Start of Recorded data

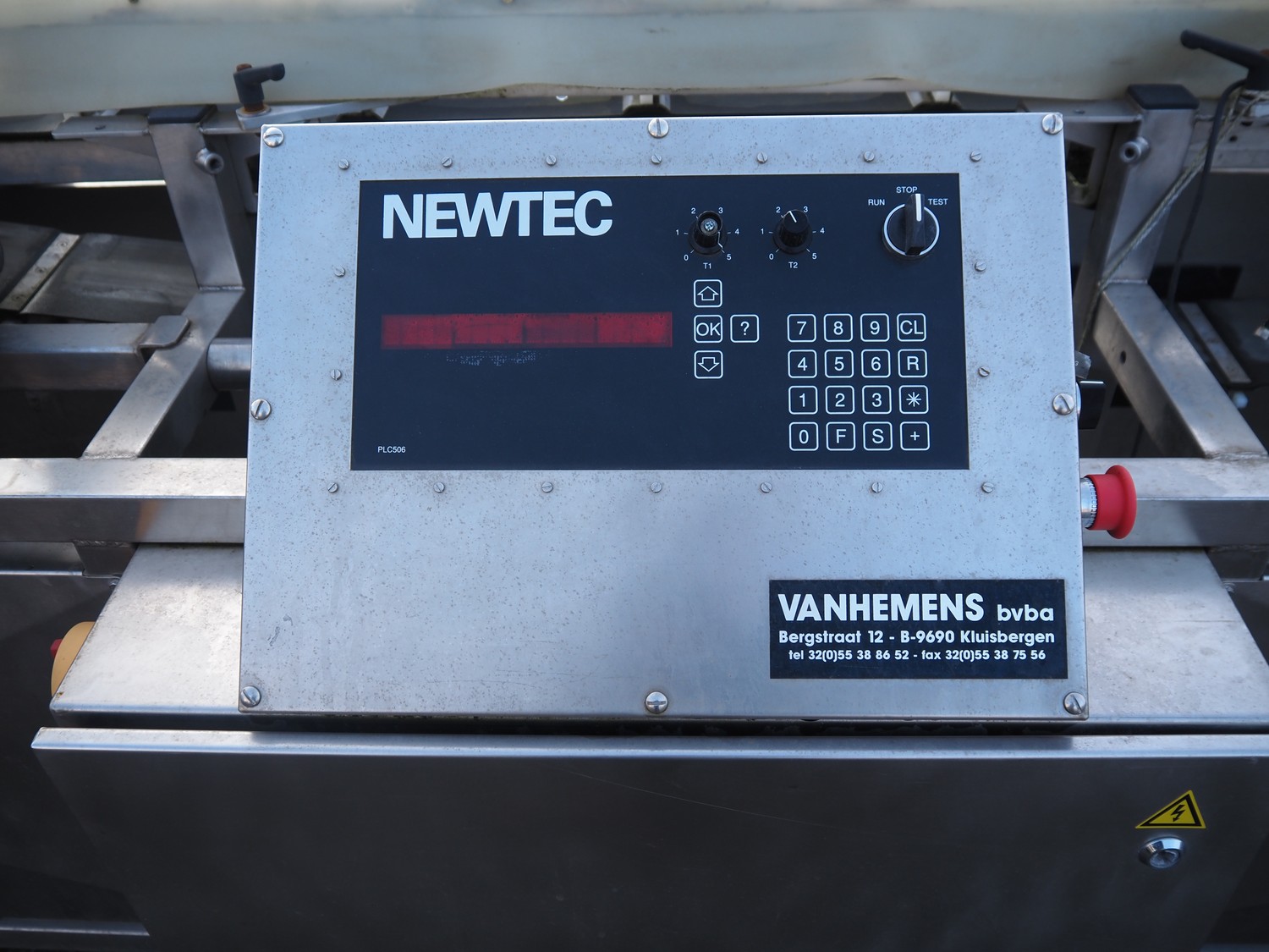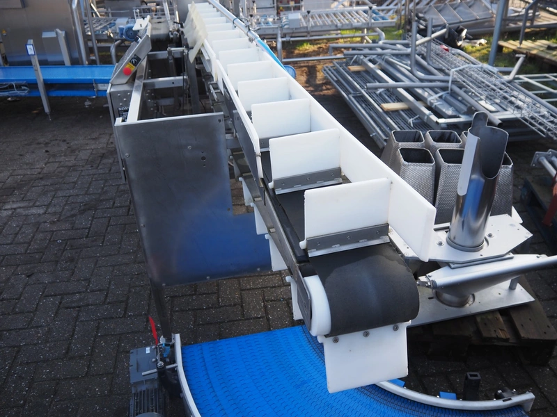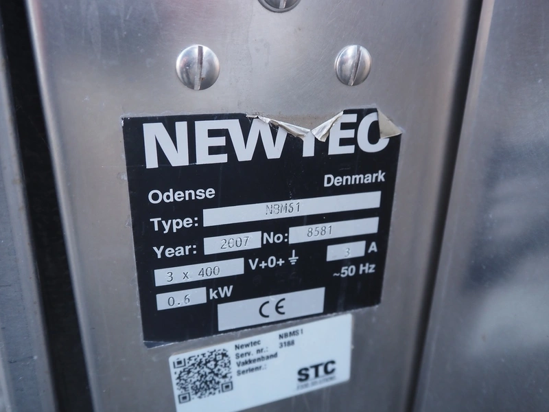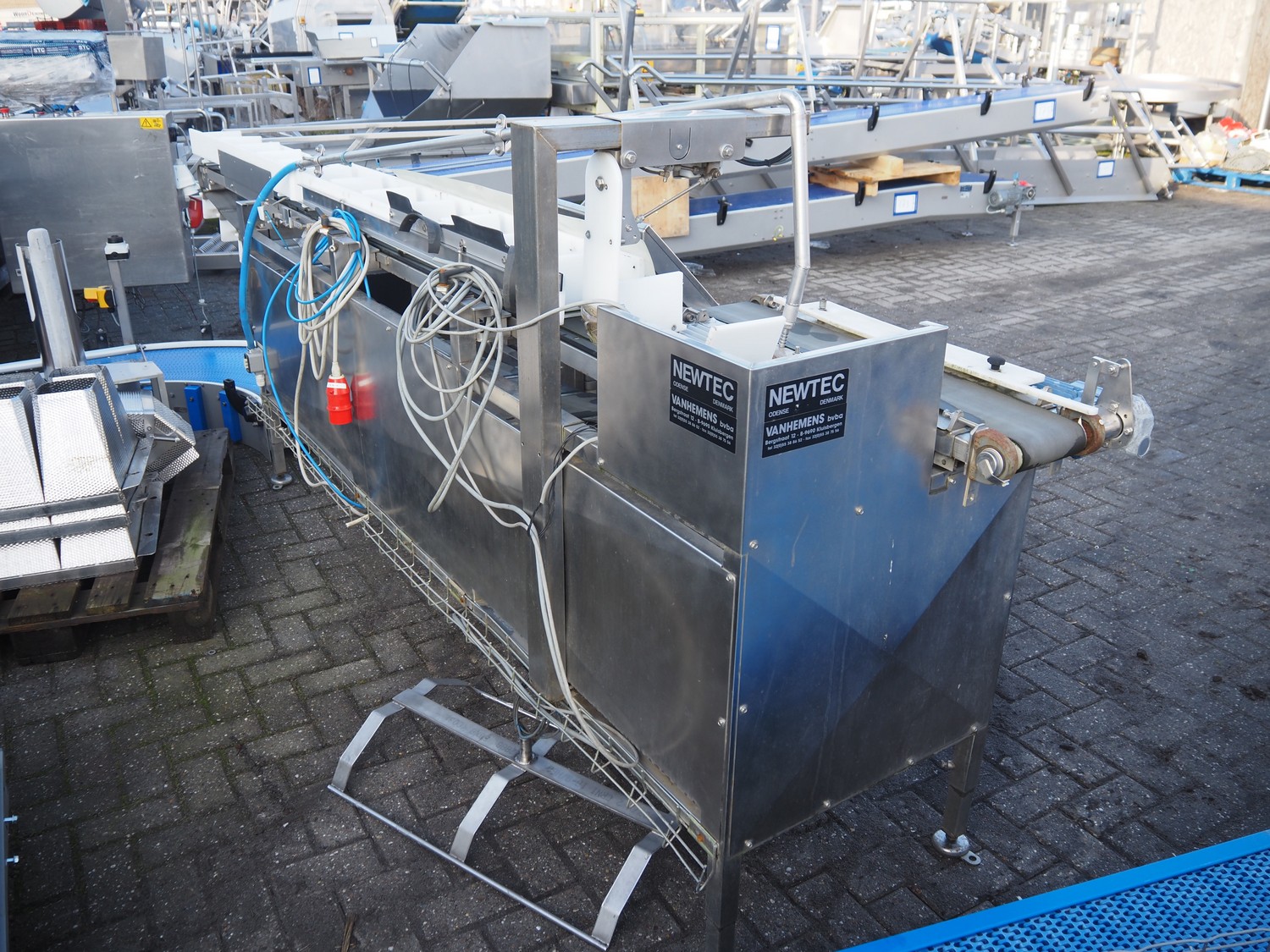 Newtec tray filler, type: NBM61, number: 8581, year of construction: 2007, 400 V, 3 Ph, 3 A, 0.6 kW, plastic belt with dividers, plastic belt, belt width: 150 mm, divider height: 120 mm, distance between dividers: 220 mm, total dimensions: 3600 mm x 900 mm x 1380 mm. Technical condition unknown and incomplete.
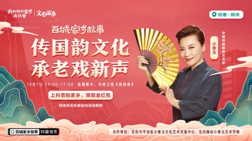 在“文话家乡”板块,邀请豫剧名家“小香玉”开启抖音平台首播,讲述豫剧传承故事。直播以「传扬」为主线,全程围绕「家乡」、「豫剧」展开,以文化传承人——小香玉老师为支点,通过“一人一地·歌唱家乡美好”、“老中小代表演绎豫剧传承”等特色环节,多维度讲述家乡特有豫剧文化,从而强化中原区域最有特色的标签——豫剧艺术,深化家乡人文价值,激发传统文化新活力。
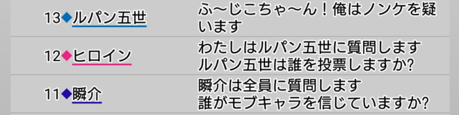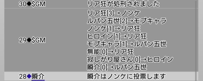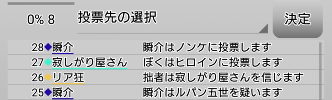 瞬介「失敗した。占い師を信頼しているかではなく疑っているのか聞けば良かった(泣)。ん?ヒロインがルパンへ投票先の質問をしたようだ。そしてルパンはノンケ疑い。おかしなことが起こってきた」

End of Recorded data

For this exercise, return the material word for word and drop each image.

 Newtec tray filler, type: NBM61, number: 8581, year of construction: 2007, 400 V, 3 Ph, 3 A, 0.6 kW, plastic belt with dividers, plastic belt, belt width: 150 mm, divider height: 120 mm, distance between dividers: 220 mm, total dimensions: 3600 mm x 900 mm x 1380 mm. Technical condition unknown and incomplete.
 在“文话家乡”板块,邀请豫剧名家“小香玉”开启抖音平台首播,讲述豫剧传承故事。直播以「传扬」为主线,全程围绕「家乡」、「豫剧」展开,以文化传承人——小香玉老师为支点,通过“一人一地·歌唱家乡美好”、“老中小代表演绎豫剧传承”等特色环节,多维度讲述家乡特有豫剧文化,从而强化中原区域最有特色的标签——豫剧艺术,深化家乡人文价值,激发传统文化新活力。
 瞬介「失敗した。占い師を信頼しているかではなく疑っているのか聞けば良かった(泣)。ん?ヒロインがルパンへ投票先の質問をしたようだ。そしてルパンはノンケ疑い。おかしなことが起こってきた」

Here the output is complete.